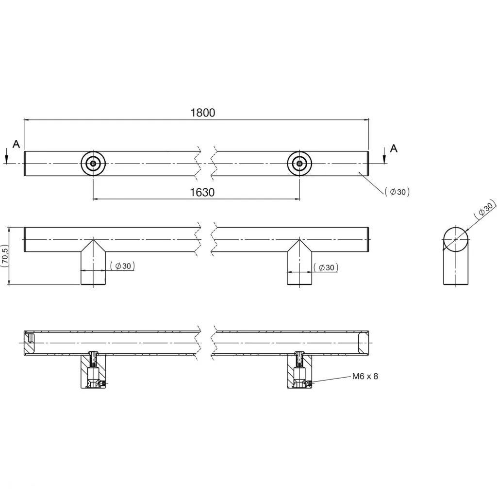 HALCÖ tolófogantyú ? 30 mm hossz 1800mm acél horganyzott passzívált
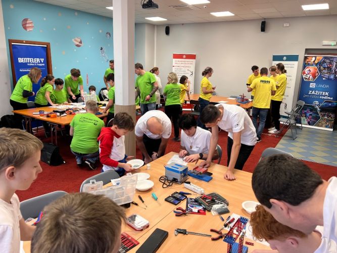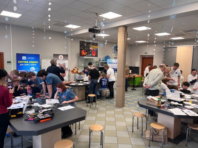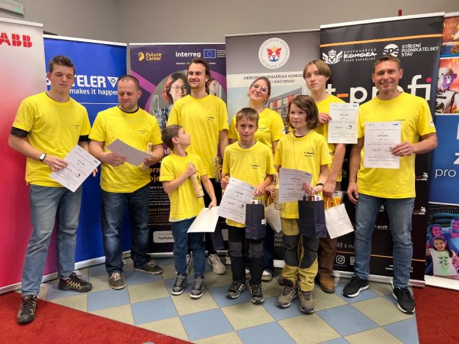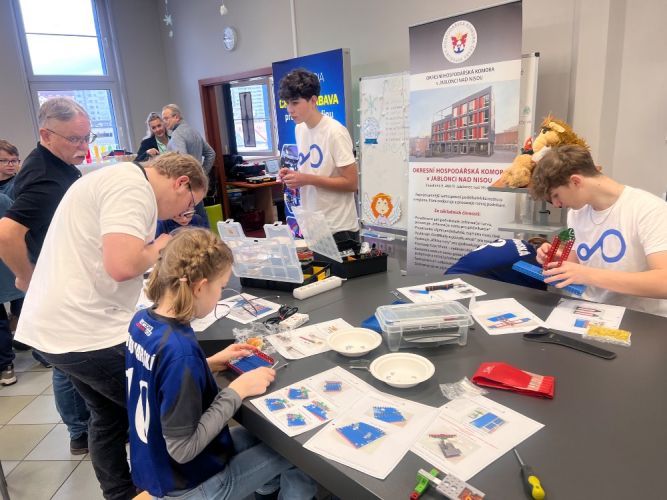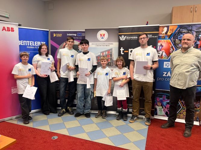 Krajské kolo polytechnické soutěže T-PROFI - Talenty pro firmy, kde se nad předem neznámým zadáním pohyblivého modelu z ikonické české stavebnice Merkur zapotilo 8 týmů složených z páťáků ZŠ, druháků SŠ a firem z LK se konalo ve čtvrtek 11.12.2025 v iQFABLAB | iQLANDIA
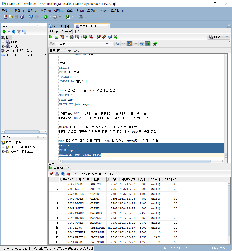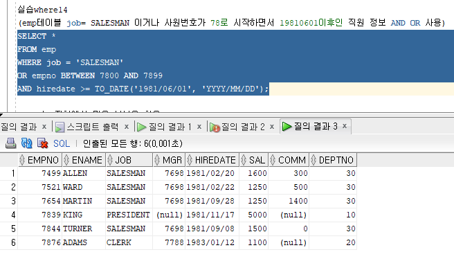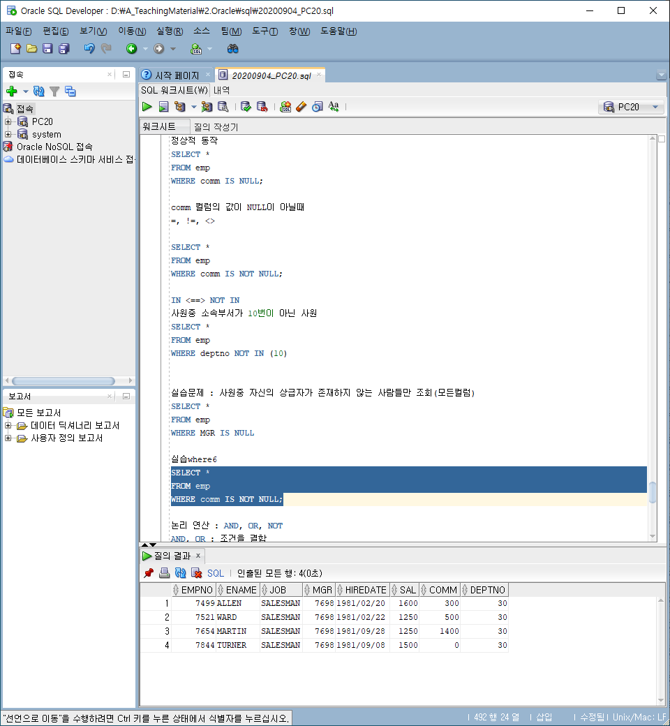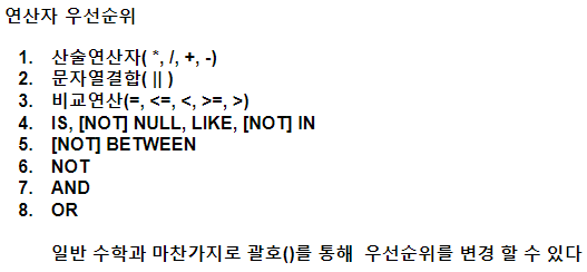[sql] 20200904 sql 복습/null/where/in/연산자우선순위/정렬/ASC/DESC/ORDER BY/ROWNUM/INNER-v
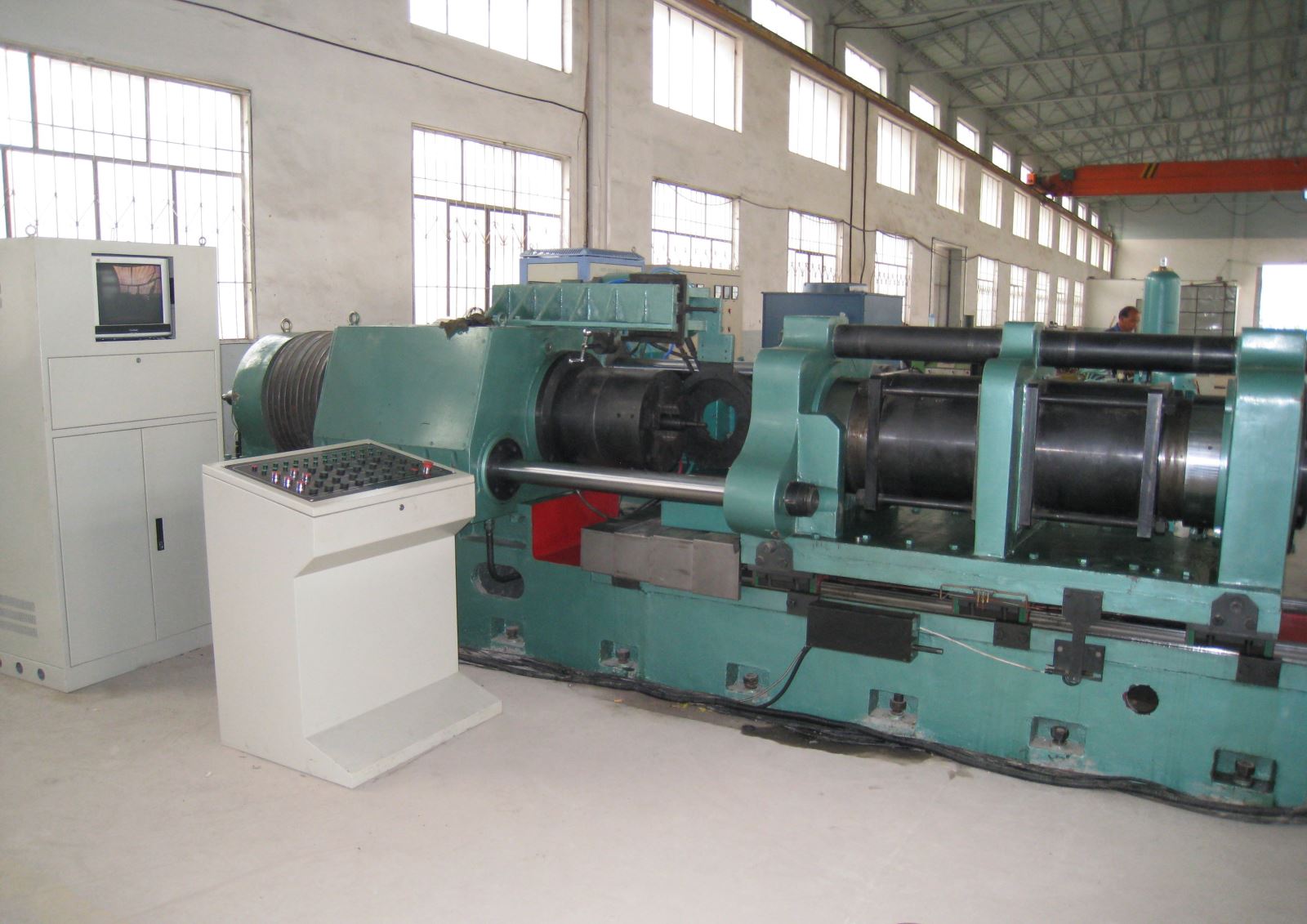 ● 主軸箱采用兩個單列圓柱滾子軸承的結構方式,具有旋轉精度高的優(yōu)點,同時在主軸箱中設置兩個推力調心滾子軸承, 一個采用固定安裝方式,另一個采用平衡油缸活動安裝的獨特結構方式,來平均承載摩擦與頂鍛的軸向力,使用壽命提高數(shù)倍。

### [ACTIVITY]
Since the pictures are not wanted, write out the rest of the data exactly as it reads.

### [EXPECTED ANSWER]
 HALCÖ tolófogantyú ? 30 mm hossz 1800mm acél horganyzott passzívált
 Krajské kolo polytechnické soutěže T-PROFI - Talenty pro firmy, kde se nad předem neznámým zadáním pohyblivého modelu z ikonické české stavebnice Merkur zapotilo 8 týmů složených z páťáků ZŠ, druháků SŠ a firem z LK se konalo ve čtvrtek 11.12.2025 v iQFABLAB | iQLANDIA
[sql] 20200904 sql 복습/null/where/in/연산자우선순위/정렬/ASC/DESC/ORDER BY/ROWNUM/INNER-v
 ● 主軸箱采用兩個單列圓柱滾子軸承的結構方式,具有旋轉精度高的優(yōu)點,同時在主軸箱中設置兩個推力調心滾子軸承, 一個采用固定安裝方式,另一個采用平衡油缸活動安裝的獨特結構方式,來平均承載摩擦與頂鍛的軸向力,使用壽命提高數(shù)倍。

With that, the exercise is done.